▶ Assignment
Copy nothing but the lines below running from the line containing "The Abbey Hotel" through the line containing "Plate the chicken", both end lines included.

▶ Exercise material
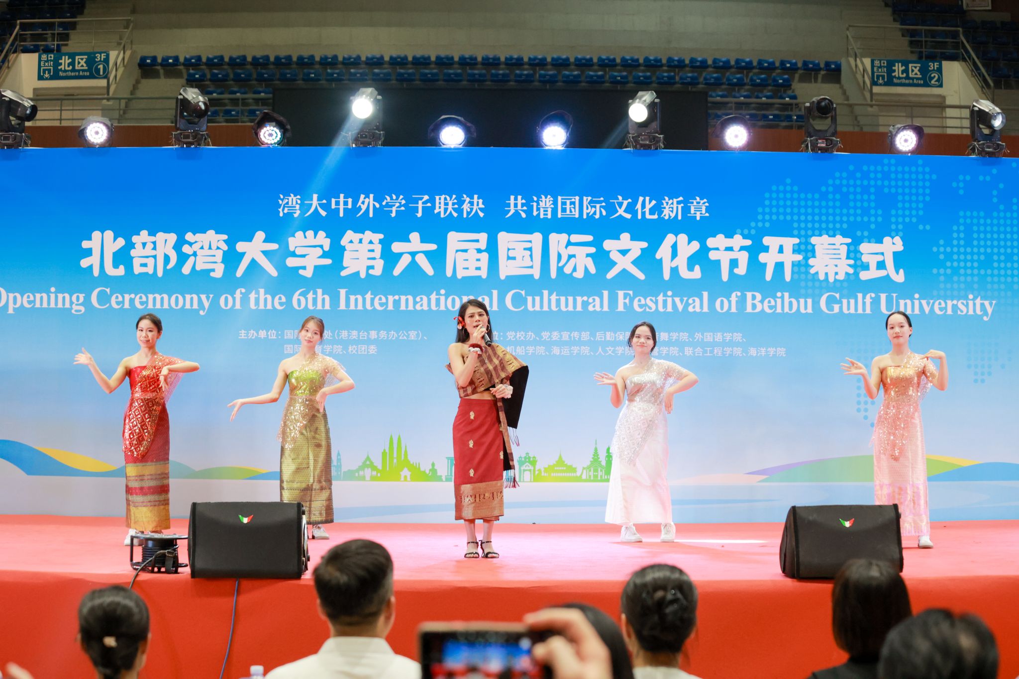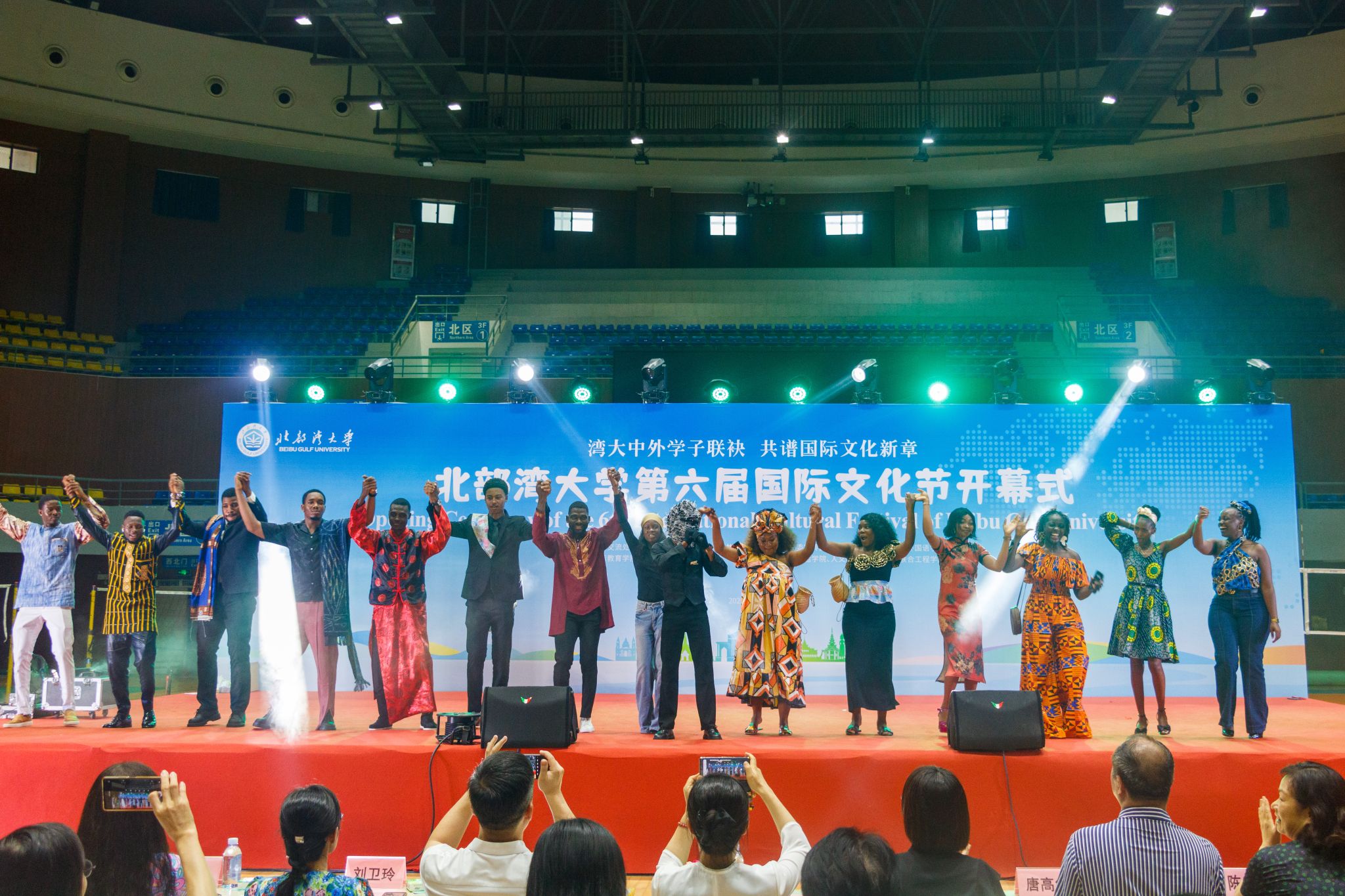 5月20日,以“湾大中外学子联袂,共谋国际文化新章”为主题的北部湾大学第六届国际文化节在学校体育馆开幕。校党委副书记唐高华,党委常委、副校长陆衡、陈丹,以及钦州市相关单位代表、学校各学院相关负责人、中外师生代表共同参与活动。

--

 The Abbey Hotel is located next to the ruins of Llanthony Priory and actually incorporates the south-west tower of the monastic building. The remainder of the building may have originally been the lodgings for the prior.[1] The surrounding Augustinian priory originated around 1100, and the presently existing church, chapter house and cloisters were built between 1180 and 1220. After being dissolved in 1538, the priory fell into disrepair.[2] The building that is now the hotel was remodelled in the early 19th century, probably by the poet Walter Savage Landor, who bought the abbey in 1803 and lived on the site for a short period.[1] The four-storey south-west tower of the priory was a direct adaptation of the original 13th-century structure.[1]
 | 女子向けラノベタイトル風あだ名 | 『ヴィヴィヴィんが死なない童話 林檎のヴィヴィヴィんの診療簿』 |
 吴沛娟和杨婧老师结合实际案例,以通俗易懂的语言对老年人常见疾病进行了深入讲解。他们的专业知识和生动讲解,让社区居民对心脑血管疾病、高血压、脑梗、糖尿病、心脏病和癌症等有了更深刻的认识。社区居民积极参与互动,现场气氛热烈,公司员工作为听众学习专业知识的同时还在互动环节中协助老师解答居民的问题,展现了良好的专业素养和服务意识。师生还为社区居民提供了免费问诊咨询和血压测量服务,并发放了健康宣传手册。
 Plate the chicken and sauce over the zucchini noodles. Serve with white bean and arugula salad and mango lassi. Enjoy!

▶ Task output
 The Abbey Hotel is located next to the ruins of Llanthony Priory and actually incorporates the south-west tower of the monastic building. The remainder of the building may have originally been the lodgings for the prior.[1] The surrounding Augustinian priory originated around 1100, and the presently existing church, chapter house and cloisters were built between 1180 and 1220. After being dissolved in 1538, the priory fell into disrepair.[2] The building that is now the hotel was remodelled in the early 19th century, probably by the poet Walter Savage Landor, who bought the abbey in 1803 and lived on the site for a short period.[1] The four-storey south-west tower of the priory was a direct adaptation of the original 13th-century structure.[1]
 | 女子向けラノベタイトル風あだ名 | 『ヴィヴィヴィんが死なない童話 林檎のヴィヴィヴィんの診療簿』 |
 吴沛娟和杨婧老师结合实际案例,以通俗易懂的语言对老年人常见疾病进行了深入讲解。他们的专业知识和生动讲解,让社区居民对心脑血管疾病、高血压、脑梗、糖尿病、心脏病和癌症等有了更深刻的认识。社区居民积极参与互动,现场气氛热烈,公司员工作为听众学习专业知识的同时还在互动环节中协助老师解答居民的问题,展现了良好的专业素养和服务意识。师生还为社区居民提供了免费问诊咨询和血压测量服务,并发放了健康宣传手册。
 Plate the chicken and sauce over the zucchini noodles. Serve with white bean and arugula salad and mango lassi. Enjoy!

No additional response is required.